FSHPβ is constitutively expressed during the vernal equinox.

a, schematic representation of four photoperiod treatment groups with arrows to indicate the daily sampling time. b, testes volume remained in a regressed non-functional state in autumnal equinox (12a), short photoperiod (8L) and vernal equinox (12v). Photoperiods that exceeded the critical day length (i.e.,> 12hr) induced testes growth. c, Pituitary circadian clock gene ARNTLI maintained daily rhythmic expression waveforms across all photoperiods (P<0.001), no significant difference between photoperiod treatment (P=0.42) d, PER3 displayed a daily waveform across 12a, 8L, 12v and 16L groups (P<0.001) and was anti-phase compared to ARNTLI. No significance difference between photoperiod treatments (P=0.31) e, FSHβ expression was significantly higher in 12v compared to long photoperiods (16L; P<0.001), autumnal equinox (12a; P<0.001) and short photoperiod (8L; P<0.001), but was not rhythmic (P=0.66). f, Similarly, PRL was high in 16L compared to 12a (P<0.001), and 8L (P<0.001), there was no significant daily rhythm (P=0.52). g, FSHβ promoter was devoid of circadian gene binding D-box and E-box motifs but contains a series of hormone and nutrient responsive motifs. b-f Two-way ANOVA followed by Tukey’s pairwise tests, rhythmic analyses were conducted using GraphPad Prism. ╪ indicates significant photoperiod treatment effect; # denotes significant time of day effect. Data are mean +/- SEM, and residual dot plot (a-d). Rhythmic analyses are presented in Table S7 and raw data are available in Table S1.

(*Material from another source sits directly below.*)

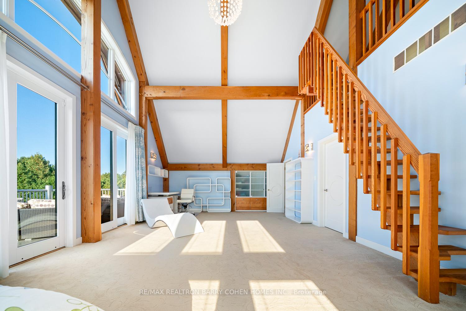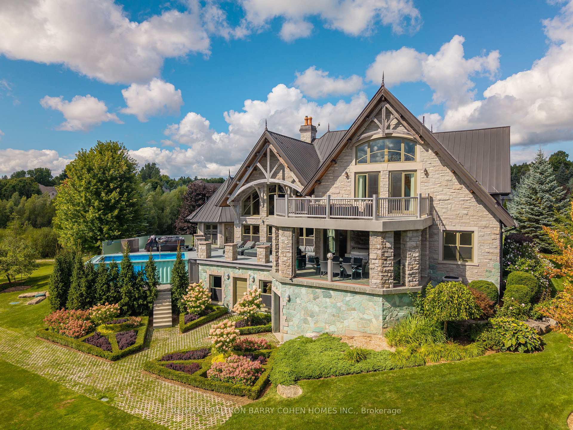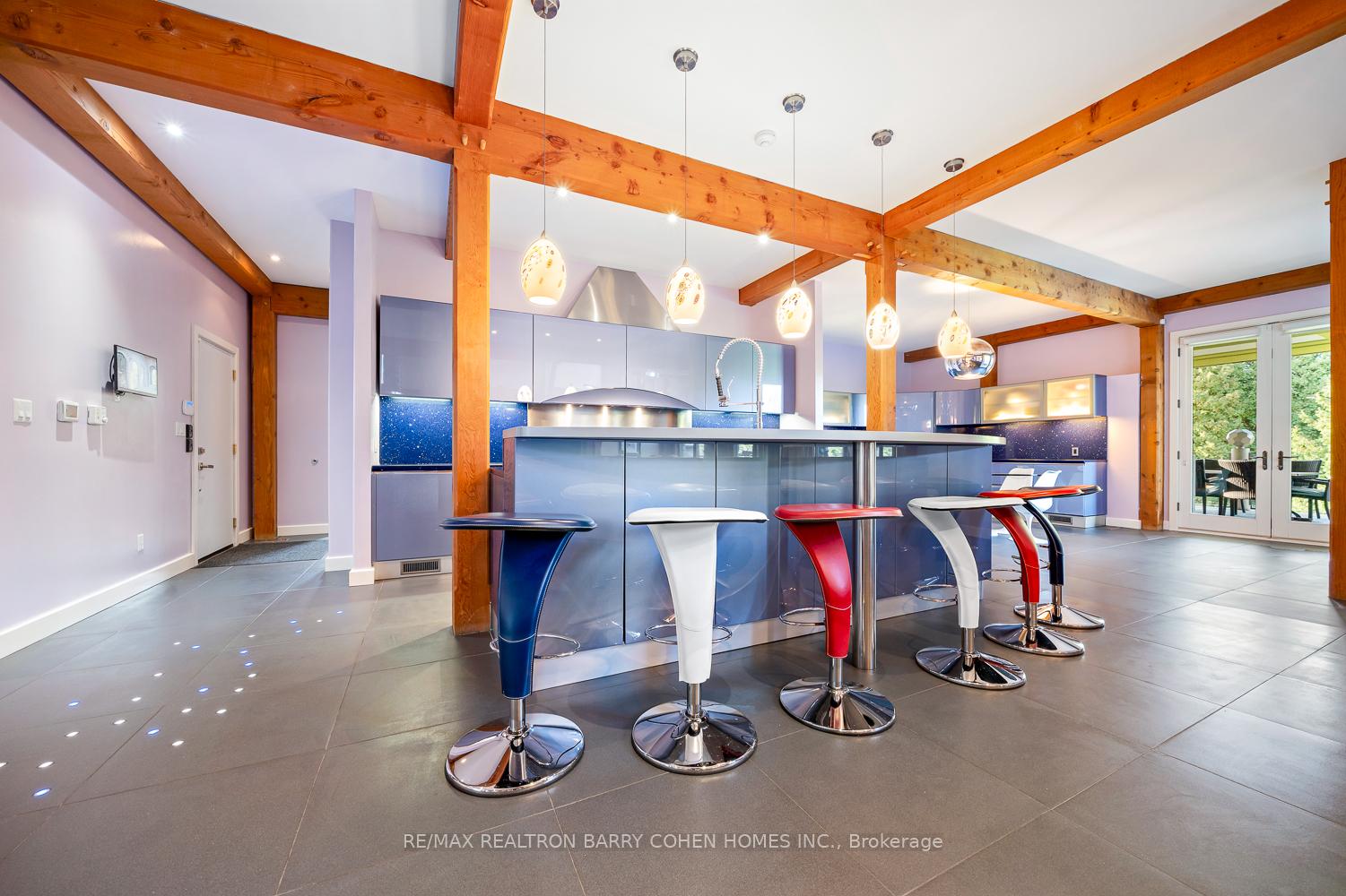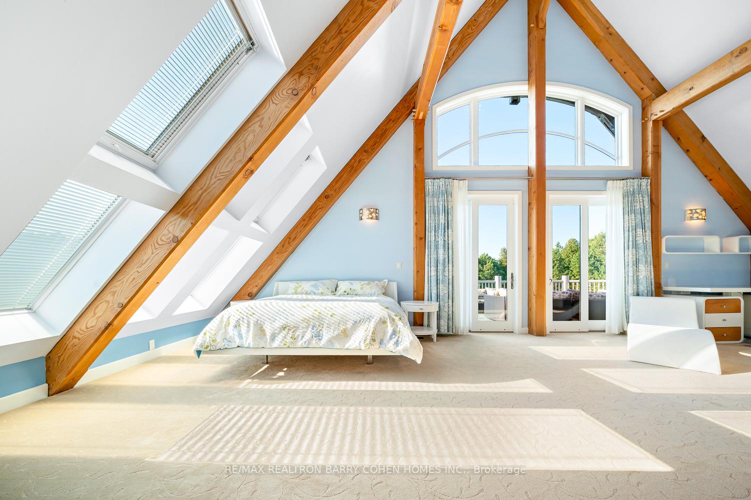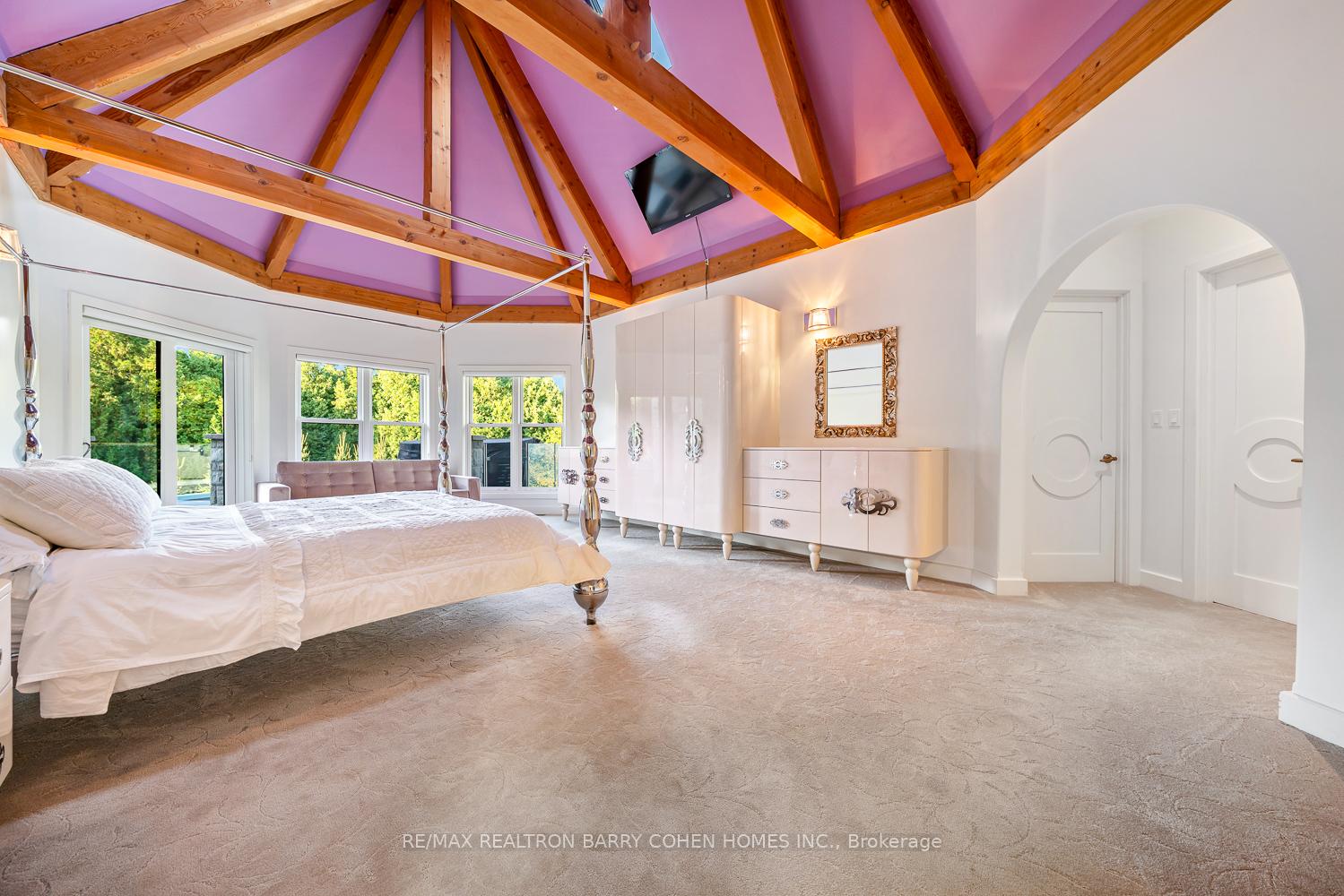 This One-Of-A-Kind Residence Was Custom Built By The Owners To Showcase Their Unique Vision, Blending The Chic Allure Of High-End Chalet Design With The Timeless Strength Of Canadian Timber Frame Craftsmanship. A Striking Copper Roof Crowns The Home, While A Dramatic Great Room With Soaring 35-Foot West-Facing Windows And A Circular Gas Fireplace Sets The Tone For Inspired Living. Overlooking This Impressive Space Is A Designer Snaidero Kitchen With Seating For 10, Walkout To The Wraparound Deck, And An Infinity Pool Bordered By Glass Walls. The Main Floor Is Anchored By A Private Office Or Dining Room, And A Bauhaus-Inspired Powder Room With Tile Detailing. The Primary Suite Serves As A True Sanctuary, Featuring Cathedral-Like Beamed Ceilings, Bespoke Poliform His-And-Hers Walk-In Closets, A Luxurious Spa-Like 5-Piece Ensuite. Upstairs, Two Expansive Bedroom Suites With 25-Foot Ceilings Each Enjoy Private Walk-In Closets And Share A Large 6-Piece Ensuite With Loft Areas. The Walk-Out Lower Level Offers A Family Room, Acoustic Music Studio, Private Hair Salon, And Powder Room, Along With Additional Bedrooms For Family Or Guests. Designed With Both Scale And Intimacy In Mind, This Home Balances Contemporary Elegance With Natural Warmth An Irreplaceable Retreat Surrounded By Unmatched Privacy.

Endogenous and light-induced FSHP expression.

a, FSHβ expression increased during the photoinduced transition from 8L to 10v, and 12v. FSHβ also showned a smaller, yet significant increase in expression after prolonged exposure to 8L. Y-axis is presented in log-scale due to the significant increase in FSHβ expression in 10v and 12v. b, OPN5 was detected in the pituitary gland and showed a significant increase in expression in the transition to 10v and 12v similar to FSHβ expression. c, DIO3 was significantly reduced in 12v quail compared to all other treatment groups. d, GNRH expression remained constant during the transition from 8L to 12v. However, continued exposure to 8L was observed to increase GNRH expression. Data are mean +/- SEM, and residual dot plot (a-d). One-way ANOVA with Tukey’s test for multiple comparisons. Letters denote significant difference between photoperiod phase. Raw data available in Table S1. e, Schematic representation of the endogenous and light-dependent increase in pituitary cell types during the transition from 8L to stimulatory 16v light treatments. Increased color indicates increased transcript expression.